Засим остаюсь, искренне любящий вас сын Петя».
* * *
Больше в тот, богатый на события день в в/ч № ХХХХХ никто не пострадал. Тягач «Мотолыга» остановился в двух метрах от Салуквелидзе со Смирновым, практически сразу после того, как они, бросив на снег автомат и штык-нож, подняли руки. Лейтенанта Петю с роты, разумеется, сняли. Почему разумеется? Ну, потому, что в армии командир отвечает за все. В личном деле бывшего краснодипломника появилась карандашная приписка: «Выше командира взвода не назначать!». Петра перевели на Украину начальником РЛС в кадрированную роту третьей линии. Служил он честно, от заданий не отлынивал, правда, инициативу проявлял редко, и огонек в его глазах уже не светился. По крайней мере на службе. Там же на Украине он женился на продавщице магазина, а через приличествующее время у них родился сын, которого назвали Мишей. В начале девяностых, когда развалился СССР, Петр, теперь уже Петр Николаевич, так и не выслужив положенного для пенсии срока, подал рапорт на увольнение, который в полку с радостью подписали. Вместе с семьей он вернулся в родительский дом на свою Брянщину, устроился электриком в ЖЭК. Бабушка во внуке души не чаяла, ну а с невесткой… в общем, как все. Когда настал черед Миши выбирать свою стезю для покорения этого мира, он спросил отца: «Па, а может, мне в военное училище поступить, как ты?» Отец ничего не ответил, но посмотрел так, что Миша решил этой темы больше не касаться…

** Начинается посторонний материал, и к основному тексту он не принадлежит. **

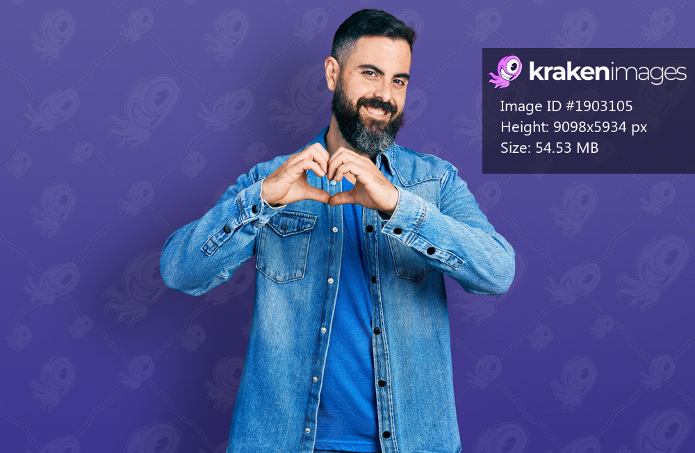 Hispanic man with beard wearing casual denim jacket smiling in love doing heart symbol shape with hands. romantic concept.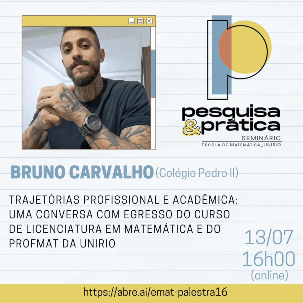 Neste encontro, vamos entrevistar o professor Bruno Braga, professor de matemática do Colégio Pedro II, egresso do PROFMAT e da licenciatura em matemática da UNIRIO. Ele nos contará um pouco da sua trajetória como professor de matemática e compartilhará suas experiências no âmbito acadêmico e profissional. Apesar de ter feito faculdade de economia, sempre atuou como professor de matemática e só 11 anos depois começou a sua formação na matemática. Nesta conversa, ele explica o que me o motivou a fazer essas escolhas, quais dificuldades enfrentou no início da carreira, ainda sem a formação em matemática. Vamos entender como ele construiu a sua identidade docente enquanto cursava a licenciatura, o mestrado e dava aula na educação básica simultaneamente: como essas formações afetaram as suas aulas e como as suas aulas afetaram sua vivência na graduação e na pós-graduação. Por fim, que portas elas lhe abriram até se tornar professor do Colégio Pedro II e colaborador do projeto Livro Aberto de Matemática.
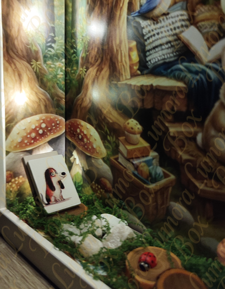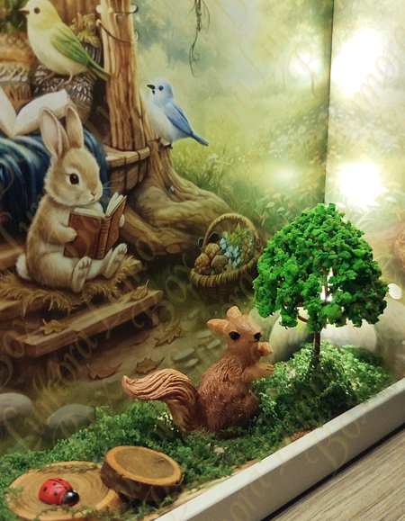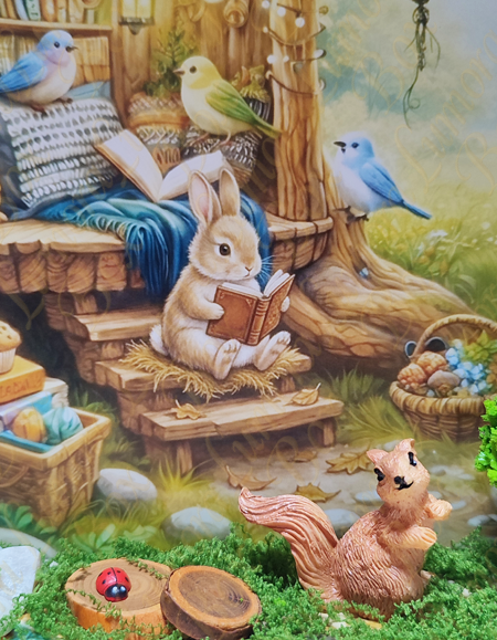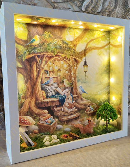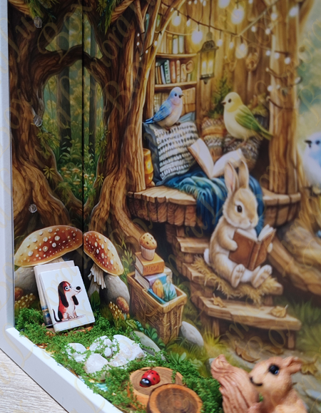 Ez a varázslatos dekoráció az erdő csendjét és az olvasás örömét ötvözi egyetlen lenyűgöző alkotásban. A szívmelengető mesedoboz egy öreg fa törzsében berendezett könyvtárat tár elénk, ahol az erdei állatok békésen merülnek el a történetek világában. A kompozíció központi alakja egy könyvet olvasó nyuszi, aki köré színes kismadarak és egy kíváncsi mókus gyűlt össze. A meleg sárga fények lágyan világítják meg a kis polcokat és a puha párnákat, mintha egy örök, békés délután pillanatát örökítenék meg. Ez a látvány azonnal nyugalmat áraszt, és segít kiszakadni a rohanó hétköznapokból minden alkalommal, amikor rátekintünk. Tökéletes választás könyvmolyoknak, a természet szerelmeseinek és mindazoknak, akik hisznek a mesék erejében. A részletgazdag kidolgozás és a barátságos karakterek élettel töltik meg a teret, bárhová is helyezzük a lakásban. Engedd, hogy ez a kis erdei menedék a Te otthonodba is becsempéssze a fantázia határtalan nyugalmát!

Когда ты очень ждешь письма, то можешь по нескольку часов каждые пять минут заходить в свой почтовый ящик, кликать по ярлыку «Проверить почту», раздражаться, что ничего нет, переходить на какой-нибудь новостной сайт, пытаться читать разъезжающиеся буквы, а потом опять на закладку «Почта». Через какое-то время тебе приходит мысль: «А вдруг у провайдера что-то случилось с их сервером?» Ты переключаешься на другой свой почтовый ящик, пишешь сам себе письмо, и оно доходит… а нужного тебе письма так и нет. Ты загружаешь самую простую игрушку типа «Солитера», но и этот пасьянс у тебя не сходится раз за разом. Снова в почту, при этом вся твоя основная работа стоит и на службе, и дома. От тебя чего-то ждут, ты должен что-то сделать, но тебе на все наплевать, ты упорно кликаешь по «Проверить почту». А позвонить нельзя… потому что нельзя.
Так некоторые ждут почту сейчас, когда она стала электронной. А раньше, когда таковой не наблюдалось, с аналогичным вожделением ждали почтальона. Особенно в местах не столь отдаленных и в армии. Там почта была единственной ниточкой, связывающей тебя с нормальным миром, где нет часовых с автоматами, колючки, контрольно-пропускных пунктов, где ты в любой момент можешь выйти на улицу, увидеть других людей, посмотреть, как они улыбаются или грустят, просто зайти в кафешку, чтобы выпить пива или чего-нибудь покрепче. Заглянуть в кинотеатр, и при этом никто не висит над тобой дамокловым мечом. Нет этих садистов – прапорщиков, придирающихся по каждому поводу и без, нет этих шакалов-офицеров, выносящих остатки мозга и бесконечно ставящих тебя в наряды, нет этих дебилов-сослуживцев, многие из которых и по-русски-то с трудом изъясняются, только: «Асыл, бизон», – что значит «вешайся, бизон», а бизон – это ты. И все, все они норовят тебя уколоть, достать, унизить, сделать гадость. И единственная соломинка, которая может удержать тебя в этом мире, – это письмо, письмо от нее. А его все нет и нет. Уже больше месяца. О чем она там думает? Неужели не понимает, как тебе важно это письмо? Почему не пишет? Впрочем, у тебя ведь уже есть одно неотвеченное письмо, но оно от мамы, с ее вечно «тепло ли ты одет? хорошо ли вас кормят?». Ну сколько можно спрашивать одно и то же, одно и то же. Опять придется писать, как и во всех предыдущих: «у меня все хорошо, кормят и одевают нормально и так далее» Но сейчас не до мамы, сейчас тебе нужно письмо только от нее.